Larger: -23.37 (24.85) MSE


***Running this model does show a further improvement in performance from 28 down to 23 thousand squared dollars***

## Evaluate a Wider Network Topology:
* Another approach to increasing the representational capability of the model is to create a wider network
* We evaluate the effect of keeping a shallow network architecture and nearly doubling the number of neurons in the one hidden layer.
* We are increaseing the number of neurons in the hidden layer compared to the baseline model from 13 to 20.

In [12]:
# define wider model

def wider_model():
	# create model
	model = Sequential()
	model.add(Dense(20, input_dim=13, kernel_initializer='normal', activation='relu'))
	model.add(Dense(1, kernel_initializer='normal'))
	# Compile model
	model.compile(loss='mean_squared_error', optimizer='adam')
	return model

In [13]:
# evaluate the wider network topology:

estimators = []
estimators.append(('standardize', StandardScaler()))
estimators.append(('mlp', KerasRegressor(build_fn=wider_model, epochs=100, batch_size=5, verbose=0)))

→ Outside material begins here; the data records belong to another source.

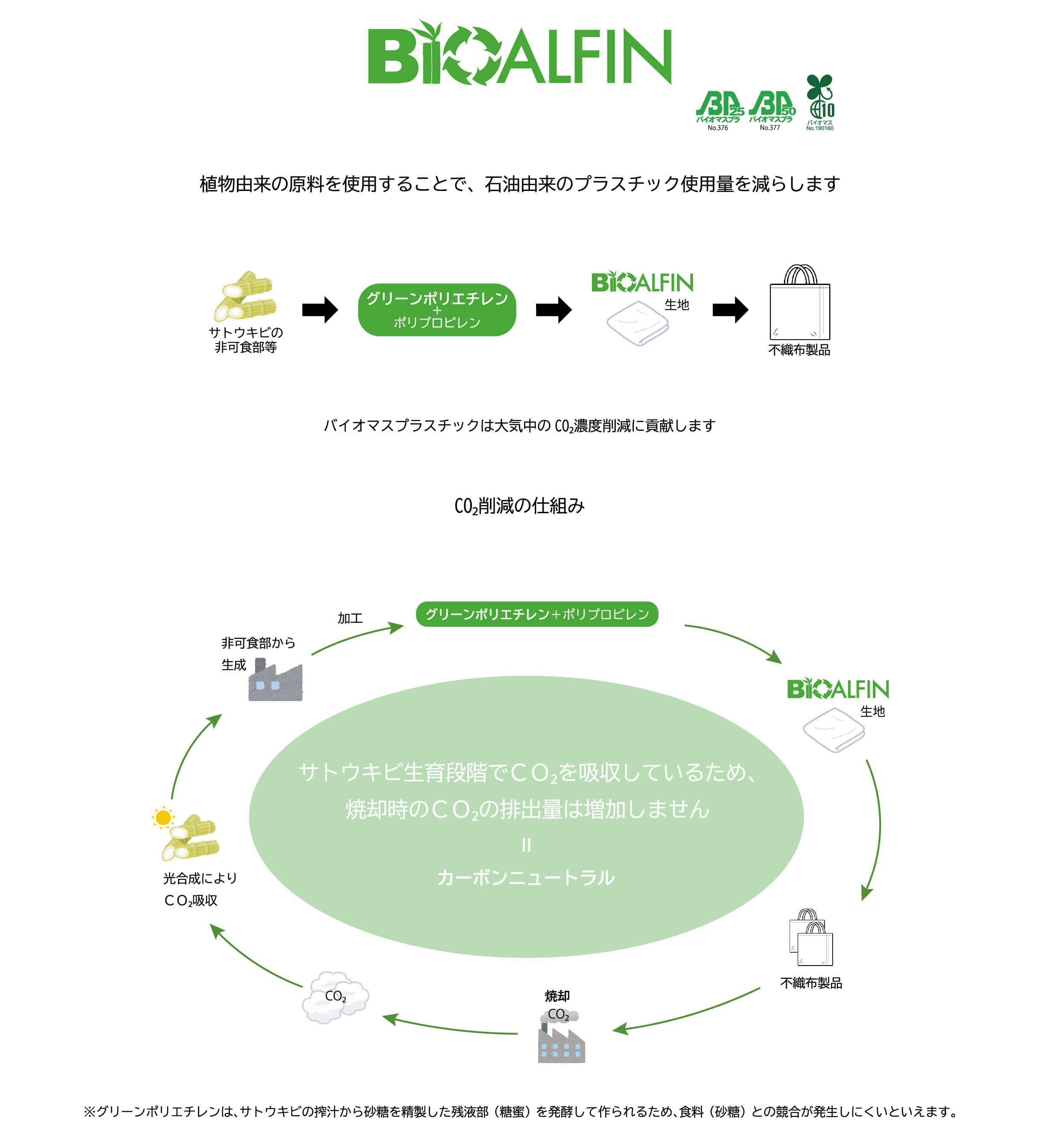 HOME | 植物由来のバイオマス不織布 CO2削減 Environmental measures BiOALFIN 無機物充填剤 バイオマス不織布 生分解性不織布 燃焼時のCO2減少不織布 資源循環システム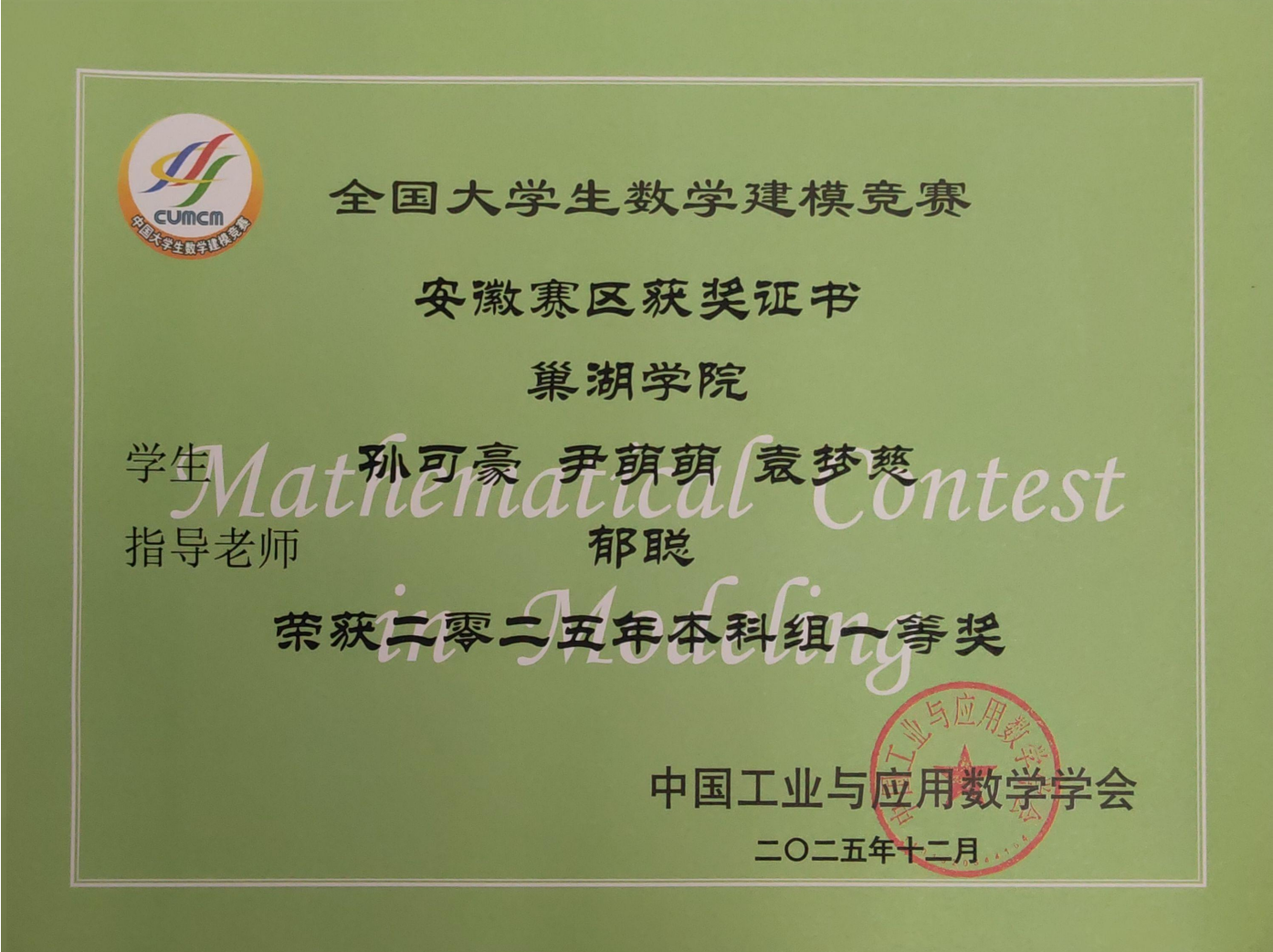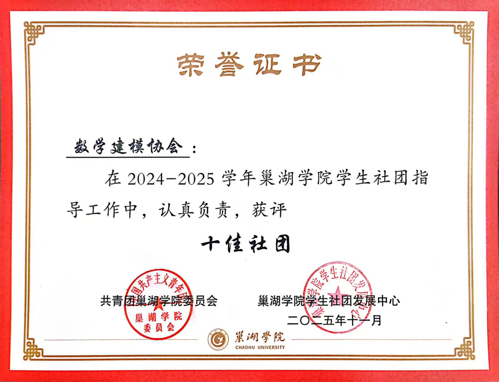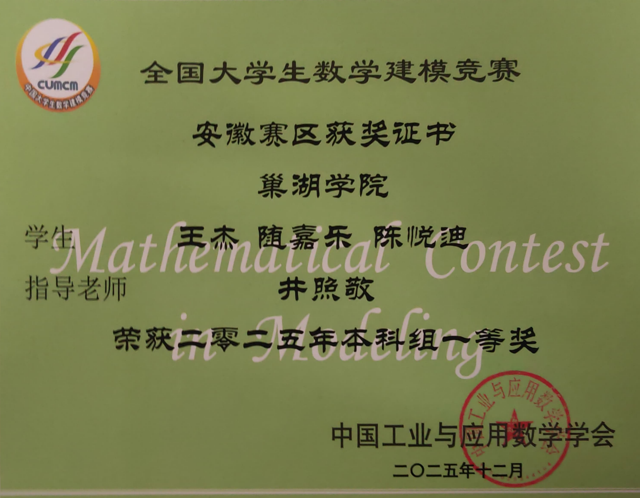 通过全流程赛事组织与分层次培养,数学建模协会助力巢院学子在各级建模竞赛中屡获佳绩,有力推动“学赛结合”育人理念落地,有效培养学生的创新思维与团队协作能力,为学校第二课堂建设和应用型人才培养贡献积极力量。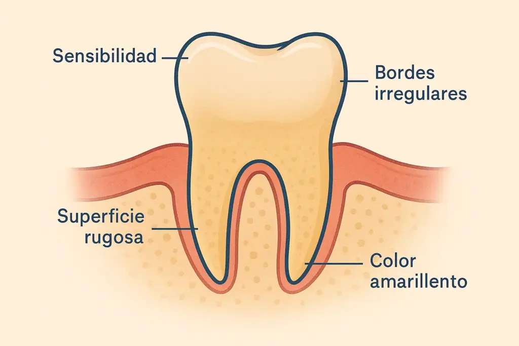 • Textura áspera: La superficie del diente puede dejar de sentirse lisa. Esto puede ser señal de erosión.

pipeline = Pipeline(estimators)

kfold = KFold(n_splits=10)
results = cross_val_score(pipeline, X, Y, cv=kfold)
print("Wider: %.2f (%.2f) MSE" % (results.mean(), results.std()))

  """


Wider: -20.93 (24.95) MSE


***Building the model does see a further drop in error to about 20 thousand squared dollars***
* It would have been hard to guess that a wider network would outperform a deeper network on this problem. 
* The results demonstrate the importance of empirical testing when it comes to developing neural network models.